The workshop was organised by J&K Forest Department and Himalayan Forests Research Institute Shimla. Principal Conservator of Forests J&K Mohit Gera and Administrative Secretary Forests, Environment and Ecology Sanjeev Verma were present during the workshop.
The Chief Secretary said that J&K would emerge as a model UT in the environmental sector within a year’s time, he asserted. He also called for funding such initiatives by convergence of funds and expressed happiness to note that as per the Government of India Report 2021, Jammu and Kashmir has the highest carbon stock per unit area. This indicates that J&K has maximum biomass and good soil quality in forests of J&K.
Har Gaon Haryali
Forest department under the leadership of Principal Chief Conservator of Forests Mohit Gera early last year had launched a massive afforestation programme called One Beat Guard One Village Programme. Under this programme, forest department envisaged to undertake massive afforestation programme in 1000 villages in J&K by involvement of Panchayati Raj Institutions (PRIs), Biodiversity Management Committees (BMCs) , Joint Forest Management Committees (JFMs) and other Govt and Non Govt Organisations (NGOs). In order to make this programme more effective and its reach out to all the 5000 village panchayats across J&K, J&K Forest Department launched Har Gaon Hariyali programme last year in December.
‘Har Gaon Hariyali’ program in consonance with the vision of ‘Green Jammu and Kashmir’ drive is to ensure sustainable development and promote climate justice which will help increase the Carbon Stock especially in our villages located near degraded forests.

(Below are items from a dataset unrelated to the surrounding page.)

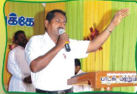
பாடல் மற்றும் ஆராதனை வேளை
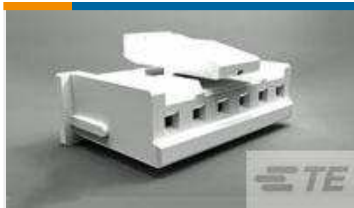
TE Teilnr.:1969442-6 EP 2.5 TPA Housing, 6 Pos
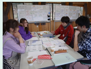
プレイリーダー養成ユースキャンプ
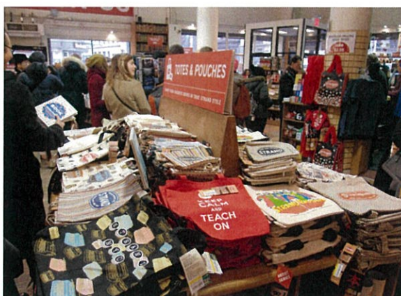
(ストランドブックストア)
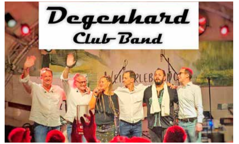
Degenhard Club Band
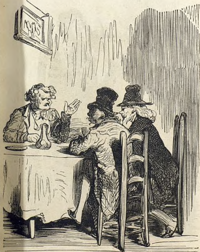
Le restaurant des artistes.
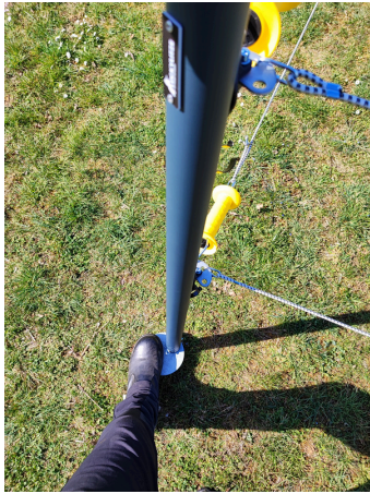
Schritt 1: Große Auftrittsplatte
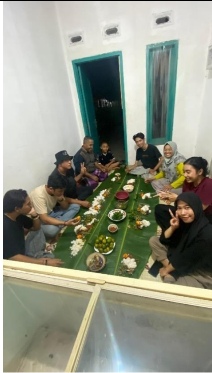
Makan bersama UMKM Yumna Food Industry
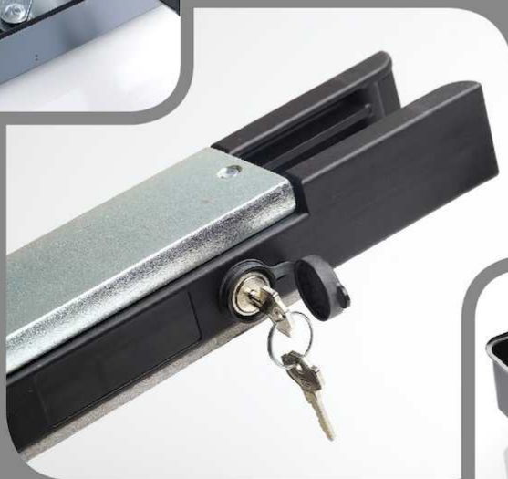
Déverrouillage par clé facile d'utilisation
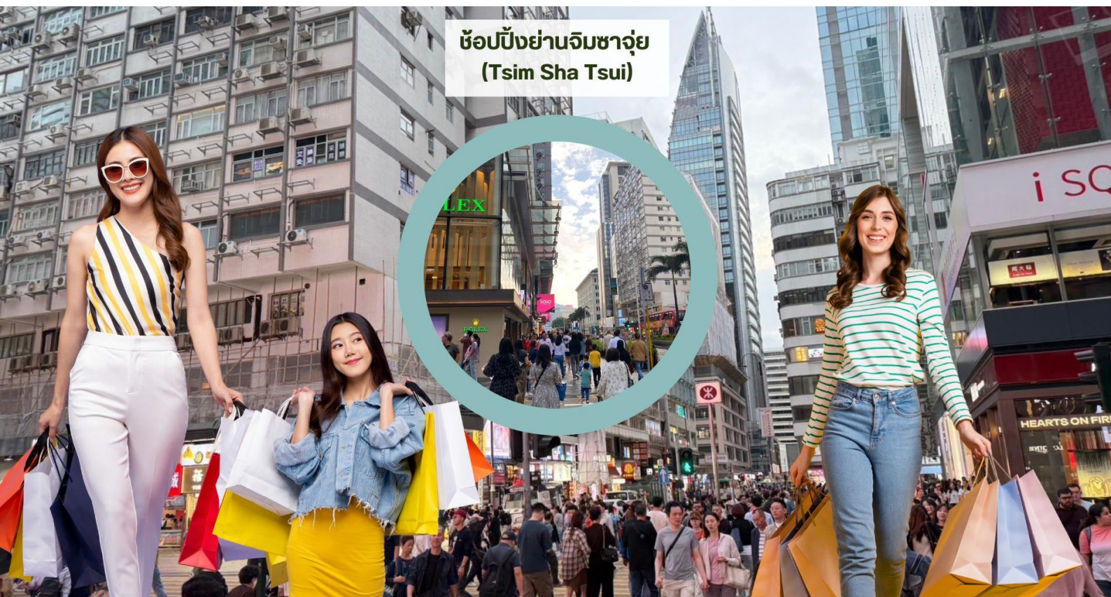
ช้อปปิ้งย่านจิมซาจู้ (Tsim Sha Tsui)

จากนั้นอิสระให้ท่านเต็มอิ่มกับการ ช้อปปิ้งย่านจิมซาจู้ (Tsim Sha Tsui) มักจะตั้งต้นกันที่สถานีจิมซาจู้ มีร้านขายของทั้งเครื่องหนัง, เครื่องกีฬา, เครื่องใช้ไฟฟ้า, กล้องถ่ายรูป ฯลฯ และสินค้าแบรนด์ที่เป็นของพื้นเมืองฮองกงอยู่ด้วยและตามชอคดีกอันซัพซ็อนมากมายมี Shopping Complex ขนาดใหญ่ชื่อ Ocean Terminal ซึ่งประกอบไปด้วยห้างสรรพสินค้าเรียงรายกันอยู่ และมีทางเชื่อมติดต่อกันสามารถเดินทะลุถึงกันได้ ให้แบรนด์ดังมากมายให้ท่านได้เลือกซื้อ ไม่ว่าจะเป็น Coach, Longchamp, Louis Vuitton, Hemes, Prada, Giordano, Bossini และอีกมากมาย
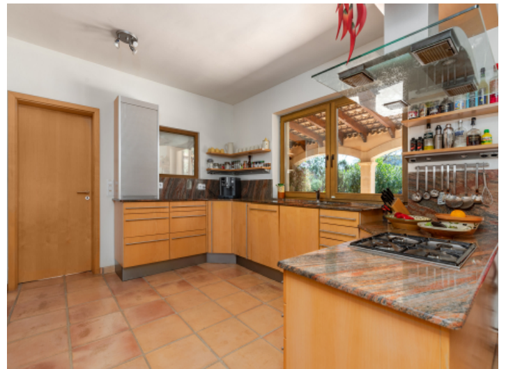
Große, offene Küche
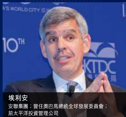
埃利安 安聯集團；曾任奧巴馬總統全球發展委員會； 前太平洋投資管理公司
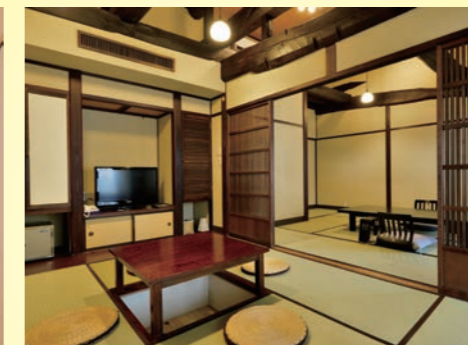
山ぼうし庵【ちごゆり】
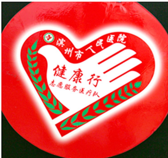
打造健康行志愿服务品牌。
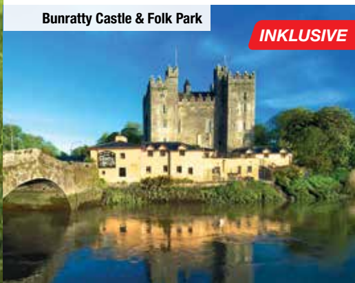
Bunratty Castle & Folk Park

Ihre Rundreise führt Sie heute zunächst zum Bunratty Castle, einer vollständig restaurierten und eingerichteten Burg. Im
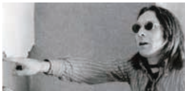
ジャン・ユスターシュ
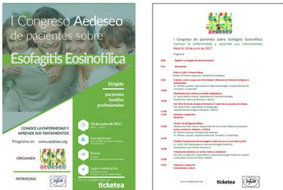
Ilustración 1. Cartel y Programa Congreso I Pacientes EoE AEDeseo

Aedeseo agradece la colaboración completamente desinteresada de todos los profesionales mencionados y el patrocinio de los laboratorios Dr Falk 2 que costearon el alquiler de la sala y los equipos técnicos y ofrecieron un servicio de desayuno a todos los asistentes.
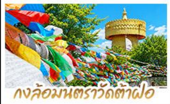
วงล้อมนตราวัดต้าฟ้อ

ถ่ายรูป MOOD ที่ใช้กันวิวทะเลสาบเอ๋อร์ไห่สุดโรแมนติก • ชมดอกไม้ตามฤดูกาลกลางขุนเขา ณ สวนอวาลูอว้าง พืชภูเขาหิมะมังกรหยกความสูงกว่า 4,506 เมตร (รวมกระเช้าใหญ่ไป-กลับ) • นั่งรถไฟขบวนวิวภูเขาหิมะมังกรหยก ชมวิวแบบพาโนรามา • เที่ยวเมืองโบราณต้าหลี่ ลี้เจียง แซงกรี่ล่า ซิม ซื่อปี้ ทะze กับวัฒนธรรมยูนนานกับเบต ชมธารน้ำขาวไปสู่งไถ UNSEEN เมืองจันทน์ยูนนาน • วัฒนาะซังจ้านหลิน สัมผัสกลิ่นอายอารยธรรมทิเบต vovpsกับงล้อมตราที่ใหญ่ที่สุดในจีน • ซ้อปิ้งเฟล็บ ณ ถนนคนเดินหนานมิงเจี๋ย & POP MART
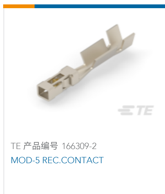
TE 产品编号 166309-2 MOD-5 REC.CONTACT
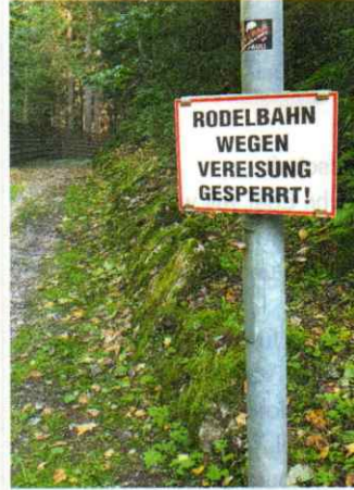
Zell am See. Dieser Schnappschuss entstand kurz nach dem Auftauen des Sommer-Eises.
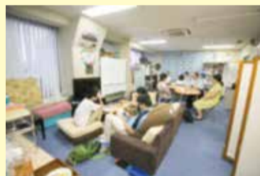
ココアカフェの様子

利用には事前の申し込みと面談などの手続きが必要ですので、まずはお問い合わせください。
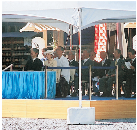
十二段舞楽を御覧
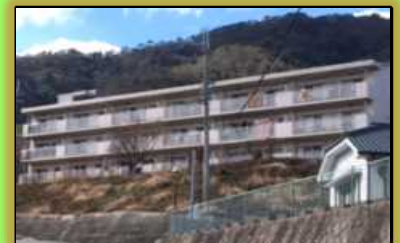
大河内新野鉄筋住宅
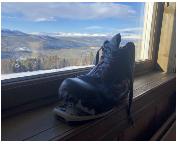
En sørgelig støvle

føre og dels begyndte det at blæse op, da vi stak hovedet op på højfjeldet. Snescotersporet var ikke til at se, og man kunne kun orientere sig via afmærkningskvistene. Sneen føj og vinden gik gennem handskerne, så fingrene snart blev følelseløse. Mobiltelefonen kunne heller ikke lide kulden og skærmen frøs. Da vi nåede løjpens højeste punkt ser vi en hytte længere nede ved en sø – det må da være Megrundsbuga! Vi trængte til at komme i læ, så vi tog en genvej nedover en skrånning, hvor sneen dog var meget skarret!. Pludselig besluttede min ene skistøvle sig for, at nu ville den på pension.....Limningen mellem sål og støvle gik simpelthen op, hvilket resulterede i et kæmpe styrt. Skiløb blev nu væsentlig mere besværligt. Men pyt, vi kunne jo sætte os ind i hytten og få varmen....men ak, det viste sig at det
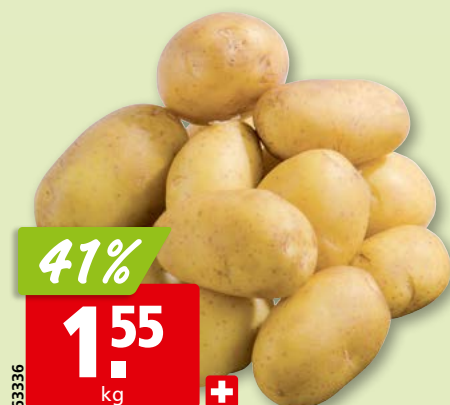
Pommes de terre nouvelles de Suisse, 10 kg (2.5 kg: 4.83 , 34%)
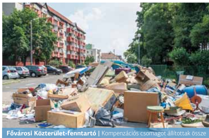
Fővárosi Közterület-fenntartó | Kompenzációs csomagot állítottak össze

„A három hónapos rendkívüli járványhelyzet miatt összesen 61 nap, így 61 körzet lomtalanítása maradt el, amit a szoros éves lomtalanítási programba már nem lehet változtatás nélkül beilleszteni. Az év során fennmaradó használható napok száma függ az időjárás korlátoktól, az év végi ünnepek időszakos korlátozó tényezői-
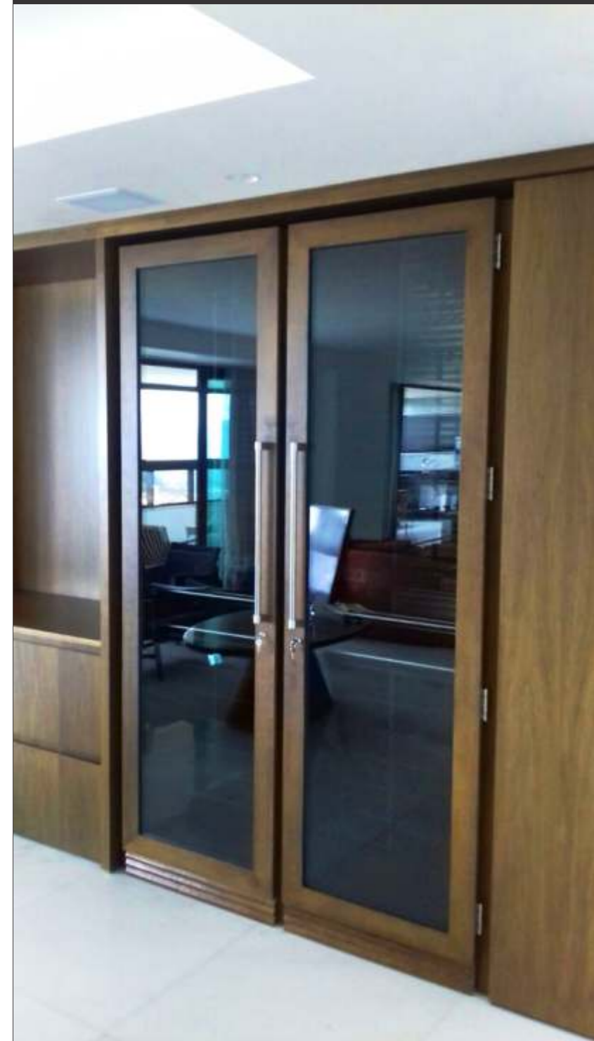
Ref. Cans BH Capacidade 280 grfs Acabamento imbuia mel Área aprox. (LAP) 160x240x65
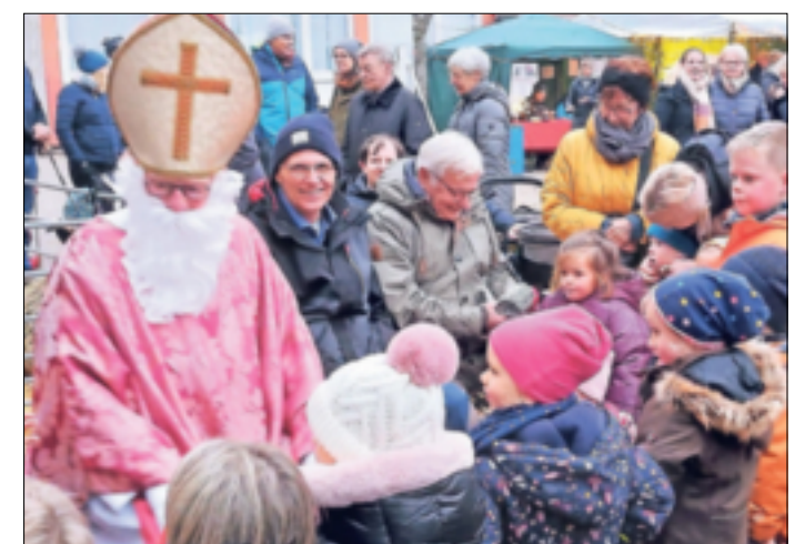
Der Nikolaus hatte beim Einschaltfest der „Kapellener Jonge“ für jeden etwas dabei.

die Hälfte der Sterne verzichtet. Dabei ist der Wunsch, dass man die weihnachtliche Beleuchtung mit den Sternen gar noch ausweitete, bei den Kapellenern doch sehr präsent“, resümiert Tim Altrogge, Sprecher der „Kapellener Jonge“. Er bedankt sich bei dem „Regenbogenchor“ für die stimmungsvolle Einleitung in einen vorweihnachtlichen Nachmittag und für die freundliche Unterstützung des BSV, der AWO und des TV „Jahn“.

The Government initiated the ‘Har Gaon Haryali’ campaign in November 2021. Under this campaign, the forest department in association with the social forestry department , soil conservation department and Rural Development Department will undertake massive plantations ( 1 crore plus) in all the village panchayats of J&K. The labour component under Har Gaon Hariyali programme is taken care of under MGNREGA. The Social Forestry department is laying emphasis on providing hybrid clonal plants to farmers from its modern nurseries, so that farmer’s income can be supplemented and sustained supply of raw materials to wood based industries can be ensured.
The biggest achievement under Har Gaon Hariyali is that a massive convergence programme is taking place by dovetailing funds under MG-NREGA and the afforestation programme of the forest department. The Forest Department would have to spend huge money as labour cost to plant the saplings but the same is taken care of by the Rural Development Department. Govt needs to ensure better irrigation facility is provided to the plants planted under Har Gaon Hariyali programme. Solar water pumps can be provided to villages on pilot basis to meet these requirements. The details of saplings purchased and planted should be made public on official websites. At village level as well, the details should be made open so that there are no chances of corruption in this programme. Har Gaon Haryali will not only help to make our villages look greener but also increase our Carbon Stock as well across Jammu & Kashmir.